Given records -

········

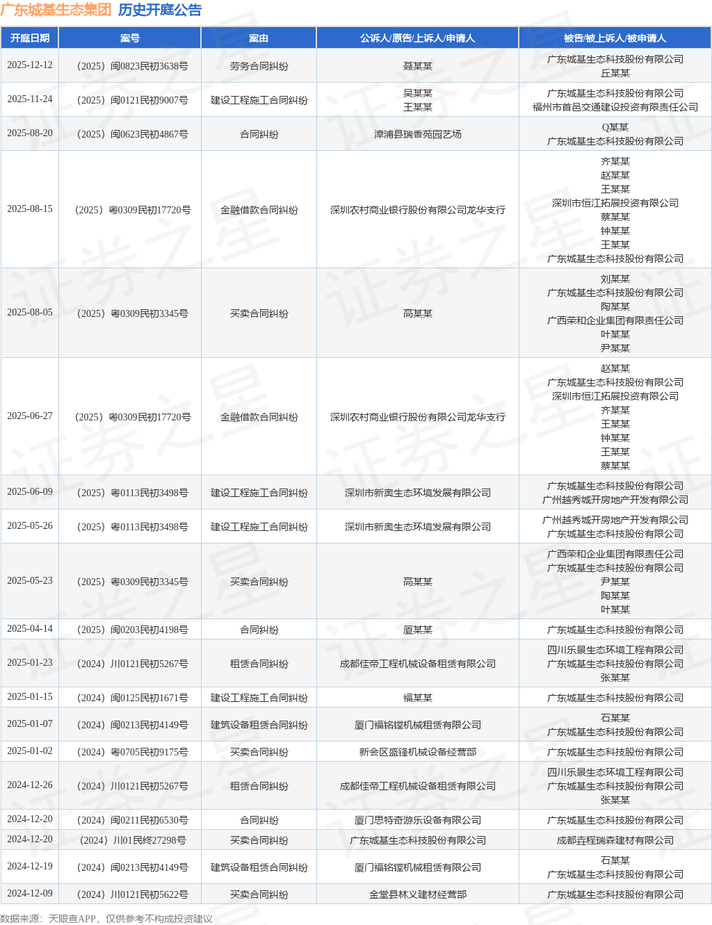 案号:(2025)闽0823民初3638号根据统计,近一年内以广东城基生态科技股份有限公司为当事人的历史开庭公告有19则,其中案由为“买卖合同纠纷”的公告以5则居首,其次为“建设工程施工合同纠纷”有4则,“合同纠纷”有3则。历史开庭公告如下:
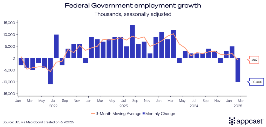 The second is that DOGE’s efforts to reduce the size of the federal workforce are materializing: employment in the federal government fell by 10,000 last month. This is the largest one-month drop since June of 2022. On Thursday, the Department of Labor’s unemployment claims data (a proxy for layoffs) also indicated that over 1,600 Federal workers filed new claims. The full impact of this initiative will take many months to unfold in the data – but this is the first sign of what’s to come.
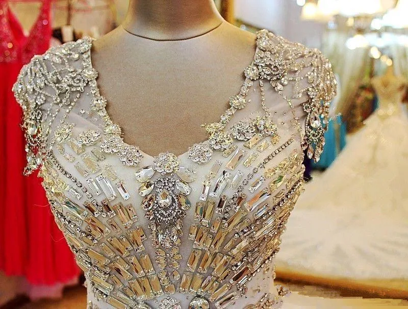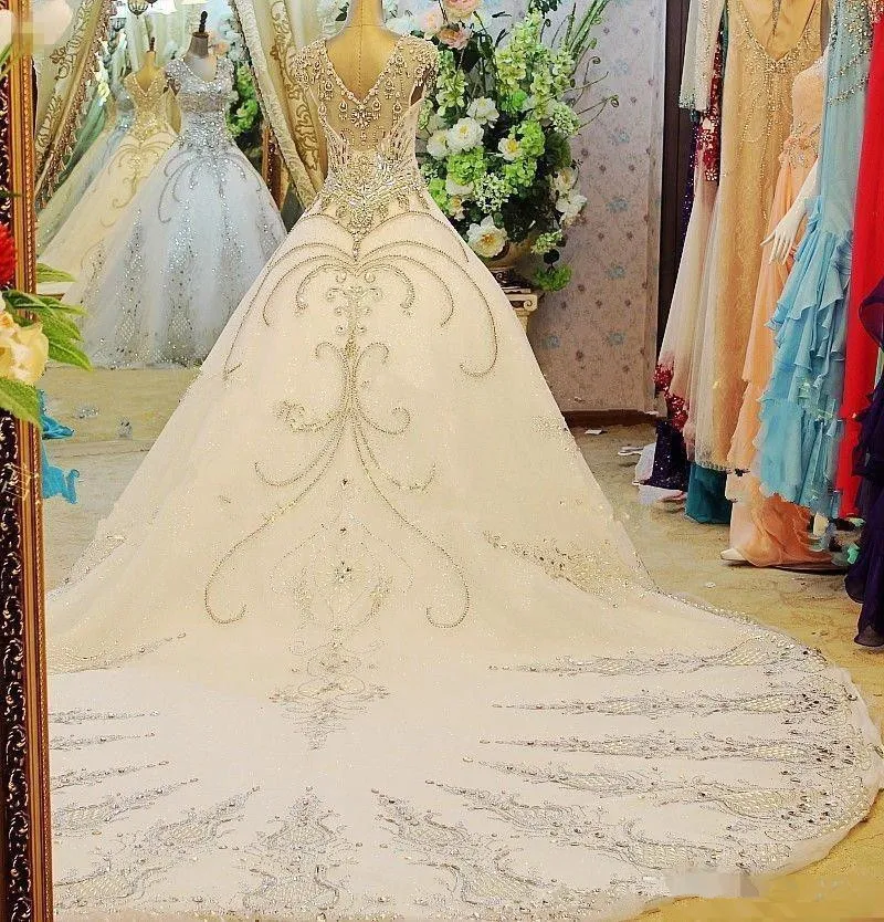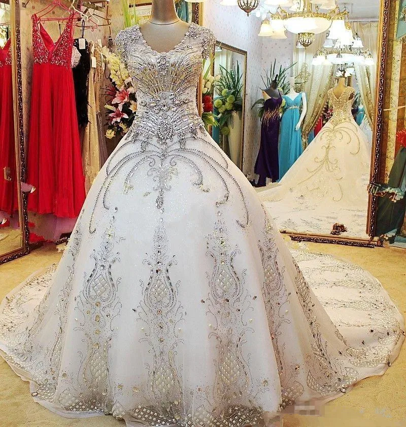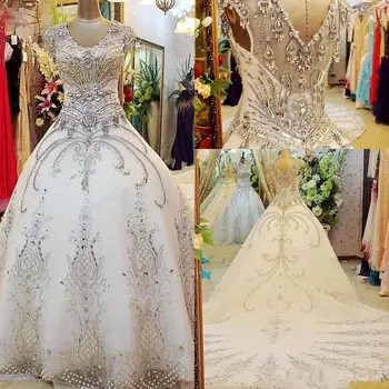 Special Offer فساتين زفاف فاخرة كريستال الأميرة سباركلي 2020 قطعة علوية بأكمام قصيرة وفتحة رقبة على شكل حرف V الأكمام قطار مصلى حجر الراين مطرز الكنيسة حديقة... Discount 0% Today!
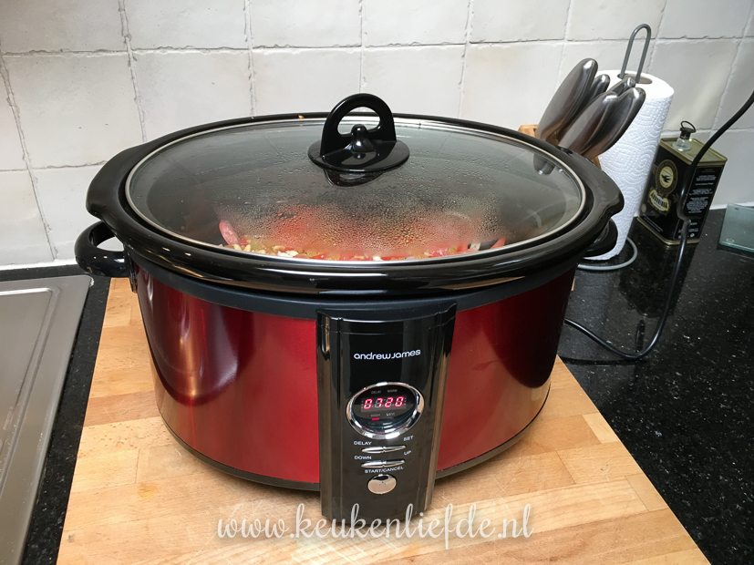Ella-Marie wordt ’s middags opgehaald door de ouders van Johan, want ze mag samen met haar neefje Levi een nachtje bij opa en oma logeren. Als Ella-Marie weg is doen Johan en ik boodschappen. Daarna gaat Johan het huis schoonmaken en tref ik alvast voorbereidingen voor het avondeten. Vanavond eten we gesmoorde kippendijen uit de slowcooker met onder andere venkel, tomaat en olijven. Het favoriete maaltje van manlief. Ik bak de kippendijen eerst aan in de koekenpan (voor extra smaak) en dan doe ik ze samen met de overige ingrediënten in de slowcooker. Het recept vind je hier.
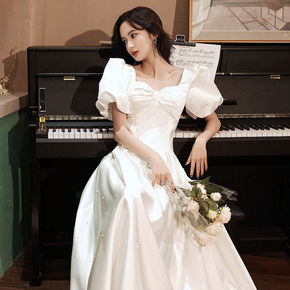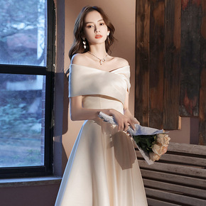 缎面敬酒服新娘2021新款冬季结婚订婚晚礼服裙女主...
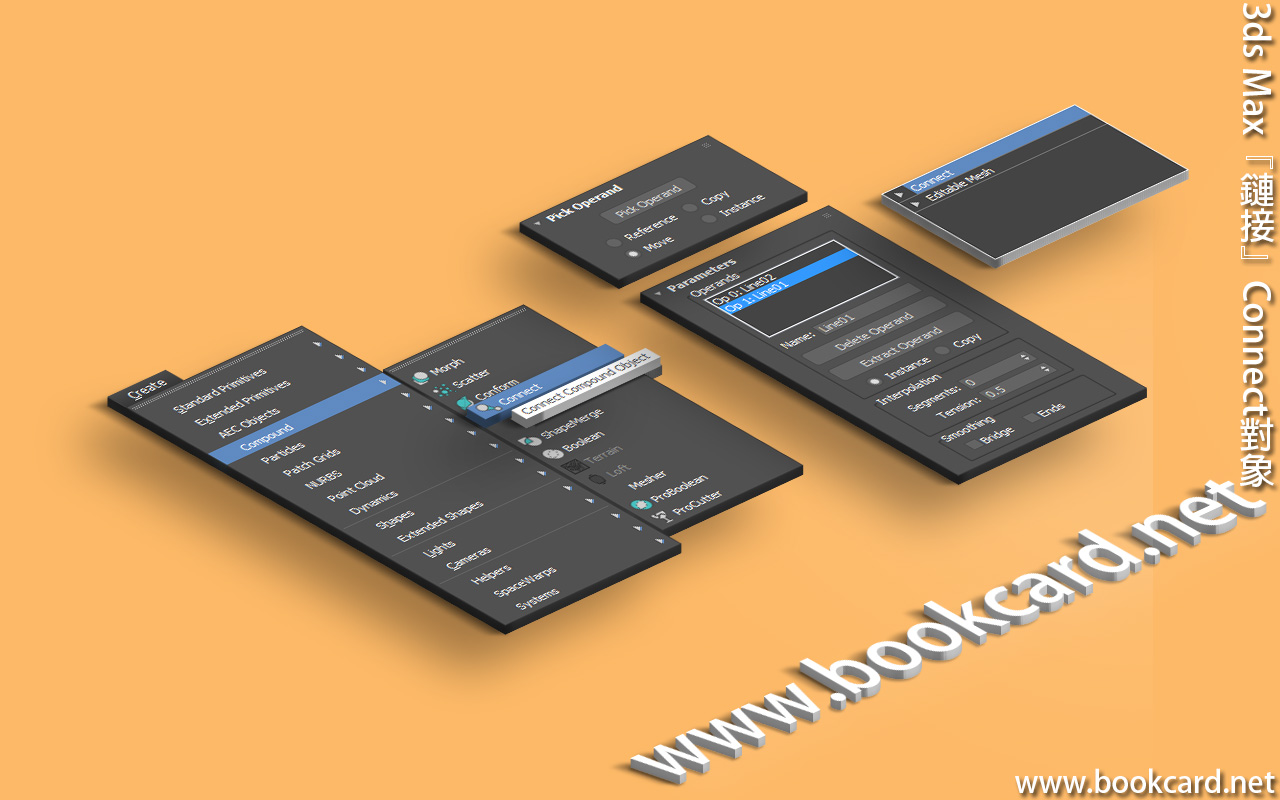 3ds Max『鏈接』Connect用于構建兩個分離之間鏈接橋梁.兩對象需有『窿』用于生成鏈接.若對象多『窿』會嘗試將其全部修補,也可將單一對像與多鏈接起來.但『鏈接』工具未能兼容NURBS對象.
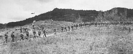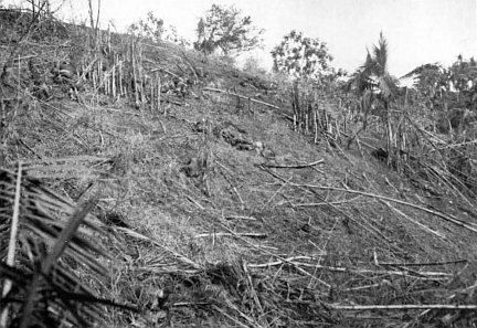 The 3d Marines on the left of the division’s zone had progressed with the same occasional enemy opposition. A 19-man roadblock held up the Marines, but was taken out quickly. Searching a corridor between the 3d and the 9th Marines, the 21st Marines came upon the bodies of 30 Guamanians near Chaguian. They had been beheaded.
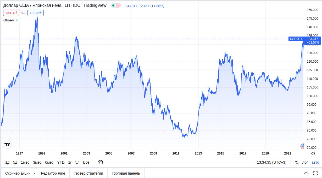 Ну, давайте посмотрим на йену с того же 1995 года. Мне мерещится или с тех пор йена ослабела на 53% и соответственно на столько же укрепился доллар?

········

Copy nothing but the lines from the start of the entries through the line with "Special Offer فساتين". Write them out exactly, without pictures.

 案号:(2025)闽0823民初3638号根据统计,近一年内以广东城基生态科技股份有限公司为当事人的历史开庭公告有19则,其中案由为“买卖合同纠纷”的公告以5则居首,其次为“建设工程施工合同纠纷”有4则,“合同纠纷”有3则。历史开庭公告如下:
 The second is that DOGE’s efforts to reduce the size of the federal workforce are materializing: employment in the federal government fell by 10,000 last month. This is the largest one-month drop since June of 2022. On Thursday, the Department of Labor’s unemployment claims data (a proxy for layoffs) also indicated that over 1,600 Federal workers filed new claims. The full impact of this initiative will take many months to unfold in the data – but this is the first sign of what’s to come.
 Special Offer فساتين زفاف فاخرة كريستال الأميرة سباركلي 2020 قطعة علوية بأكمام قصيرة وفتحة رقبة على شكل حرف V الأكمام قطار مصلى حجر الراين مطرز الكنيسة حديقة... Discount 0% Today!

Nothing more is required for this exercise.